Muslimbrüder und Salafisten schaffen eineinhalb Jahre nach Beginn der Revolte in Ägypten Fakten: Die neue Verfassung ist der erste, der entscheidende Schritt hin zum islamischen Staat. Eine politisch pervertierte Religion und Moral mit Anspruch auf Allgemeingültigkeit soll den Alltag bestimmen - in Politik, Wirtschaft und Kultur, bei der Bildung, in der Ehe, im Privatleben. Das ist totalitär. Christen, gemäßigte Muslime, Säkulare und Freigeister werden zu Menschen zweiter Klasse gestempelt, Frauen auch. Kunst und Kultur werden an Richtlinien gemessen, die nicht ästhetischer, sondern theologischer Natur sind. Die Vielfalt der islamischen und der ägyptischen Kultur fällt dem Tunnelblick religiöser Eiferer zum Opfer.

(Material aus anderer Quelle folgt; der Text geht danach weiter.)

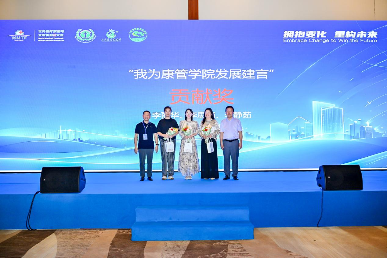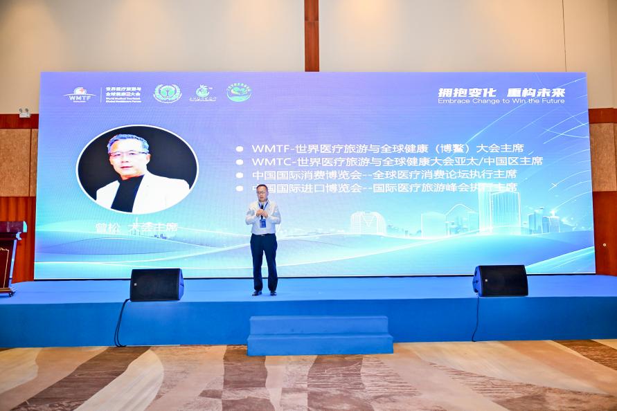 在表彰环节,WMTF-世界医疗旅游与全球健康(博鳌)大会主席曾松为新葡的京集团350vip8888新葡的京集团350vip8888颁发第八届中国(国际)健康产业创新发展论坛暨WMTF--国际康养旅游大会优秀组织奖,如图7。

Dass die bärtigen "Verfassungsväter" ernsthaft diskutiert haben, ob neunjährige Mädchen schon verheiratet werden können oder doch erst die Pubertät erreicht haben sollten, sagt alles über diese Rechtsexperten.

Im Grunde sind die viele Muslimbrüder eine religiöse Variante von Lenins Kommunisten - frömmelnde Bolschewiken, die sich als geheimniskrämerische Avantgarde der Muslime sehen. In Wahrheit jedoch sind sie die Wegbereiter einer Glaubens- und Gesinnungsdiktatur in Ägypten.